Книга Можно и нельзя, страница 253. Автор книги Виктория Токарева

Разделитель для чтения книг в онлайн библиотеке

Онлайн книга «Можно и нельзя»

Cтраница 253

Я чувствовала себя виноватой.

— И еще… — сказала Лида. — Меня муж обманул…

Я обрадовалась, что Лида дала мне вторую попытку, на которой я могла бы как-то реабилитироваться.

— Мы с ним не были расписаны, но жили вместе пятнадцать лет. Детей воспитывали. Мы так хорошо жили… А потом он влюбился в одну и расписался с ней. А мне ничего не сказал. Жил то тут, то там… Я только через полгода узнала. Спрашиваю: это правда? Он говорит: правда. Я говорю: ну и иди к ней.

— А он?

— Ушел.

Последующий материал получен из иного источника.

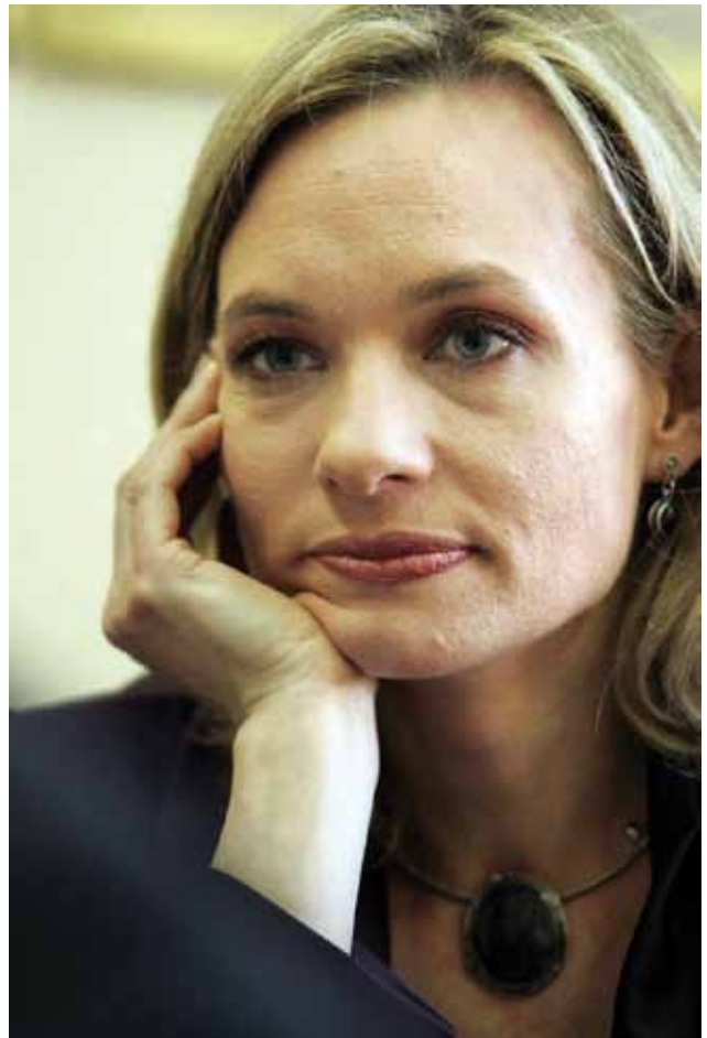
Senadora Carolina Goic

- Es importante distinguir entre eutanasia y muerte digna, en el debate público se tiende a confundir. La eutanasia

А сейчас обратно просится.

Лида посмотрела на меня. Ее глаза были будто вымыты страданием.

— Я хочу спросить: пускать мне его обратно или нет?

— Это вы сами должны решить, — убежденно сказала я.

Лида опустила глаза в колени.

— Вы его любите? — расстроилась я.

— Я ему больше не верю.

— Тогда не пускайте.

Лида сморгнула слезу.

— А вы можете без него обойтись?

Лида потрясла головой и вытерла щеку ладонью.

— Тогда пустите.

— Я боюсь, он у меня половину площади отберет. Я ему не верю.

— Тогда не пускайте.

Лида стянула шапку и сунула в нее лицо.

Я отошла к окну и стала смотреть на улицу. За окном виднелся детский сад, похожий на оштукатуренный мавзолей. Во дворе бегали дети в цветных веселых демисезонных пальтишках. А мы с Лидой решали и не могли решить ее проблемы: мошенничество Потякина, предательство мужа.

Может быть, надо бороться с мошенничеством и предательством, и это будет правда.

А может быть, устраниться и не играть в эти игры, и это тоже правда.

А может быть, смириться и оставить все как есть: работать с Потякиным, жить с мужем. И это будет правда с учетом судьбы и диалектики.

Если бы можно было разложить правды, как помидоры: здоровые в одну сторону, а гнилые — в другую. Но, откровенно говоря, выбирать Лиде не из чего, и, если пользоваться терминологией овощной базы, весь шатер течет, и его надо списать.

— А вы не могли бы написать в газету, чтобы разрешили дуэли? — спросила Лида.

— А кого бы вы убили? — обернулась я.

— Я убила бы мужа.

— Но ведь и он бы вас мог убить.

— Да. Но тогда бы он видел это. И ему потом было бы стыдно. А так он меня убил, и ему хоть бы что… И вообще, никому ничего не стыдно. Потякин всегда пообещает и не сделает. Я ему говорю: «Как же вам не совестно!» А он: «Извинюсь. Не расстреляют».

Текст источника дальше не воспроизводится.